* **THE TASK**
Here the job is to copy the data exactly and to exclude every image from it.

* **DATASET EXCERPT**
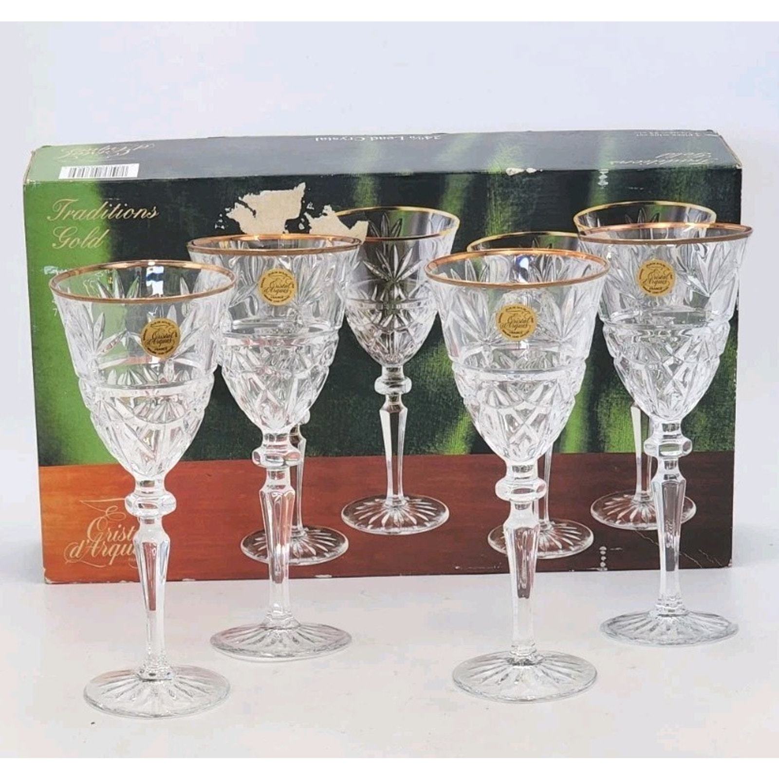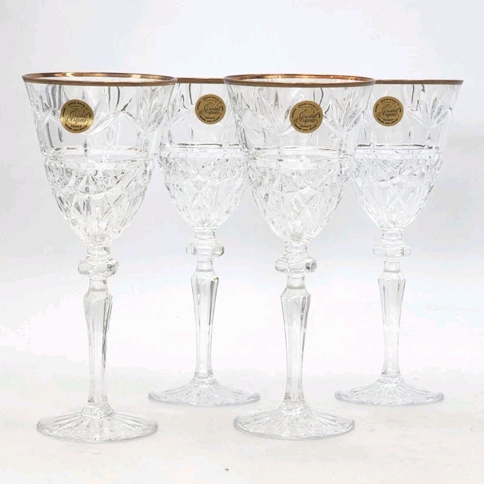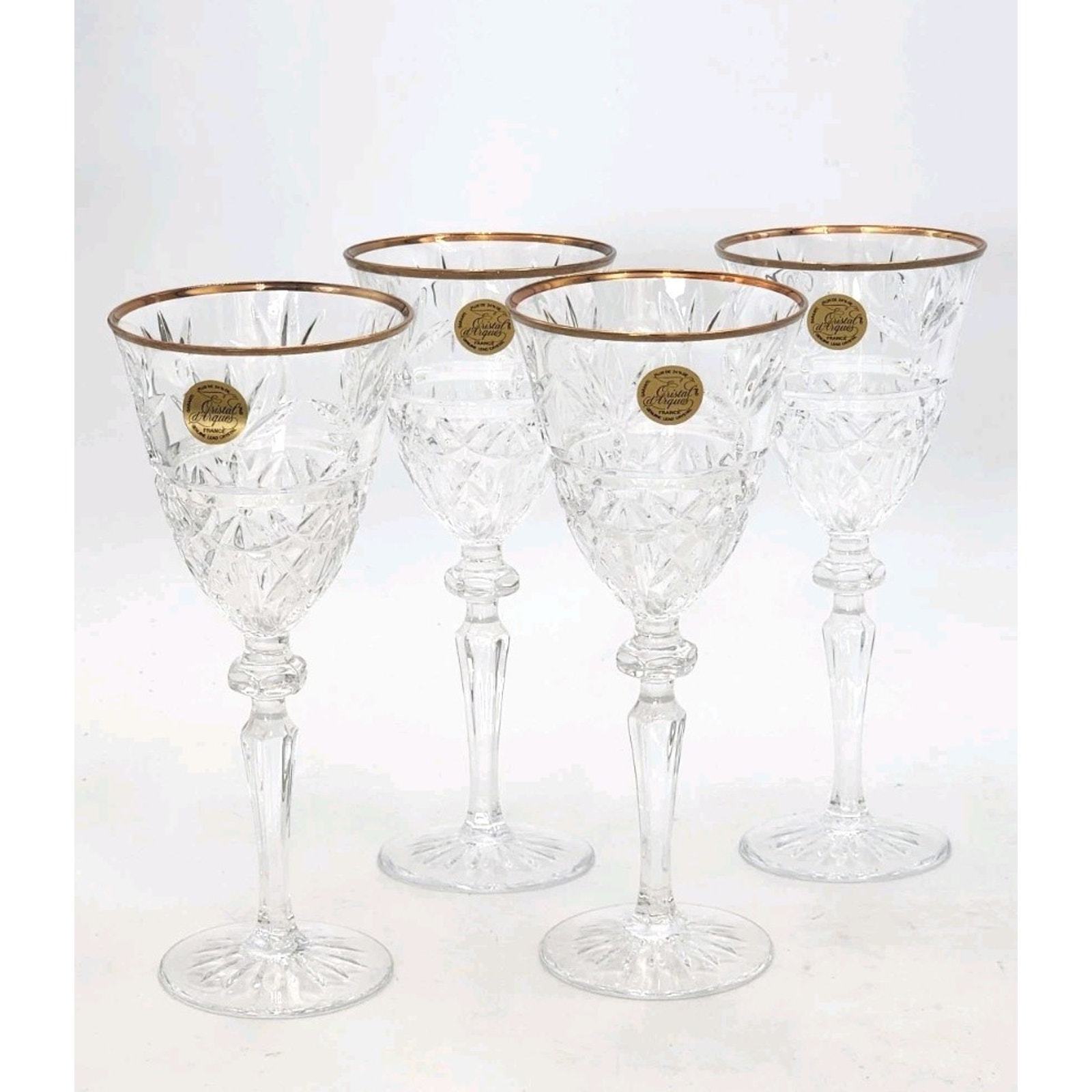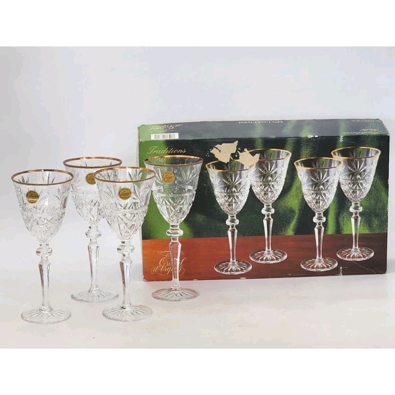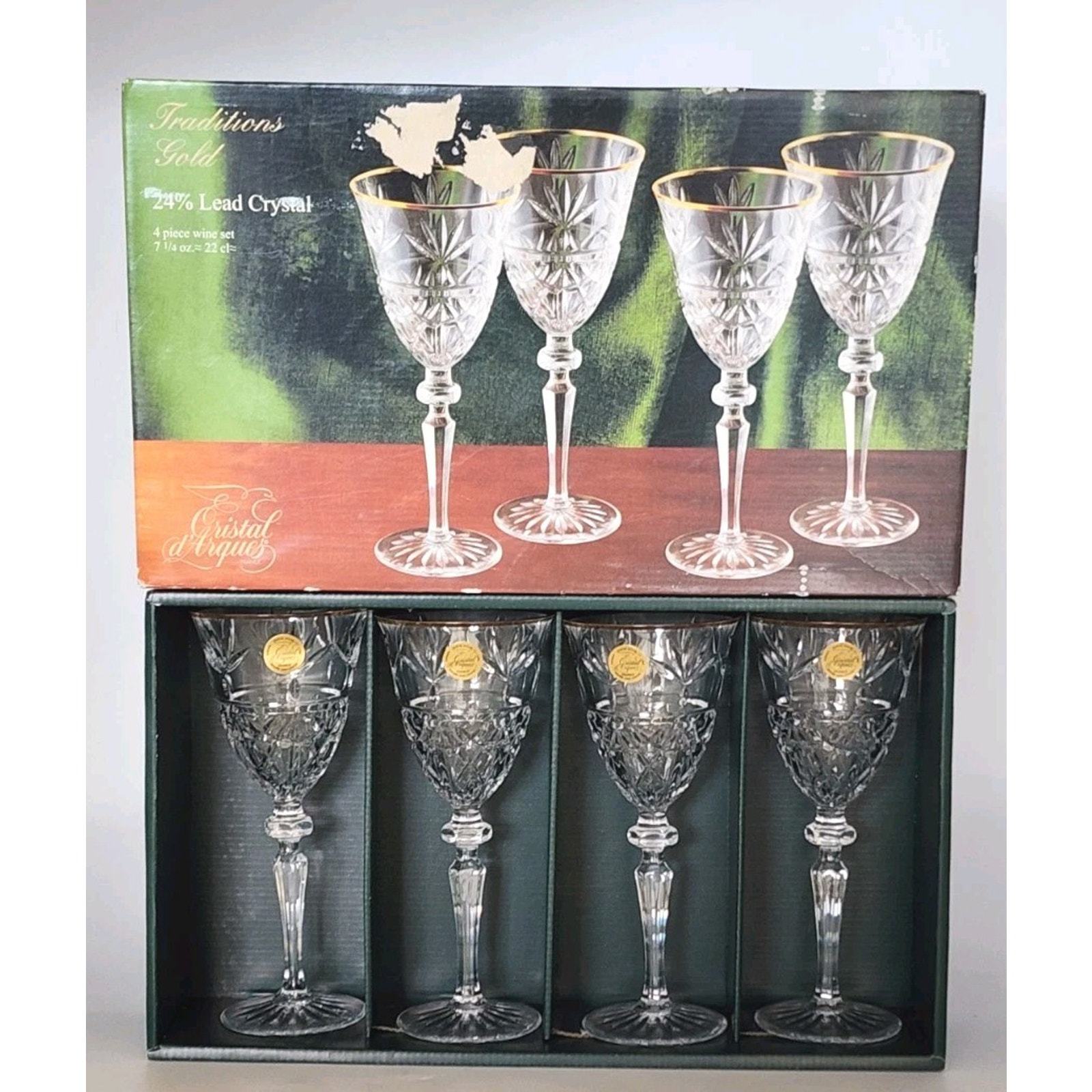 - Cristal D'Arques Traditions Gold 7 1/4 oz 4 Piece Wine Set 24% Lead Crystal New
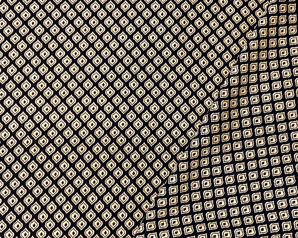 Blue-Brown Poly-Rayon Ogee Printed Challis Woven Fabric
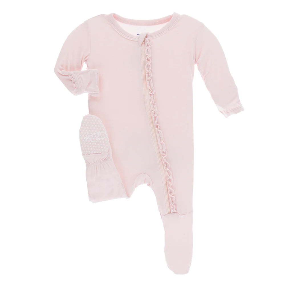 - Footie is made of 95% Viscose from Bamboo, 5% Spandex. Footie features ruffles on the butt, down the front and on the flip of the paw for an extra feminine look. Flip paws cover cold hands and prevent scratching. The inside of each foot is lined with soft fleece and the outside bottom is embroidered to prevent slipping. SPF 50+. KicKee Pants uses only source bamboo that is grown organically from manufacturers that provide Harmful Chemical Free Assurance.
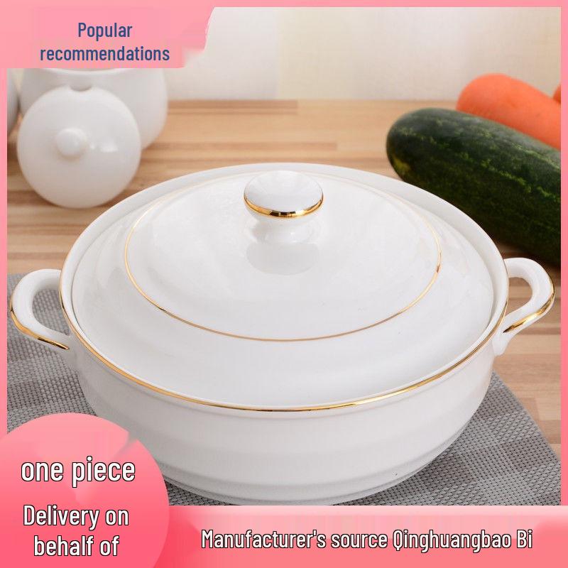 White Ceramic Double-Eared Soup Pot with Lid, Large Capacity Stew and Rice Bowl, Microwave Safe Steamed Egg Basin.

* **SOLUTION**
 - Cristal D'Arques Traditions Gold 7 1/4 oz 4 Piece Wine Set 24% Lead Crystal New
 Blue-Brown Poly-Rayon Ogee Printed Challis Woven Fabric
 - Footie is made of 95% Viscose from Bamboo, 5% Spandex. Footie features ruffles on the butt, down the front and on the flip of the paw for an extra feminine look. Flip paws cover cold hands and prevent scratching. The inside of each foot is lined with soft fleece and the outside bottom is embroidered to prevent slipping. SPF 50+. KicKee Pants uses only source bamboo that is grown organically from manufacturers that provide Harmful Chemical Free Assurance.
 White Ceramic Double-Eared Soup Pot with Lid, Large Capacity Stew and Rice Bowl, Microwave Safe Steamed Egg Basin.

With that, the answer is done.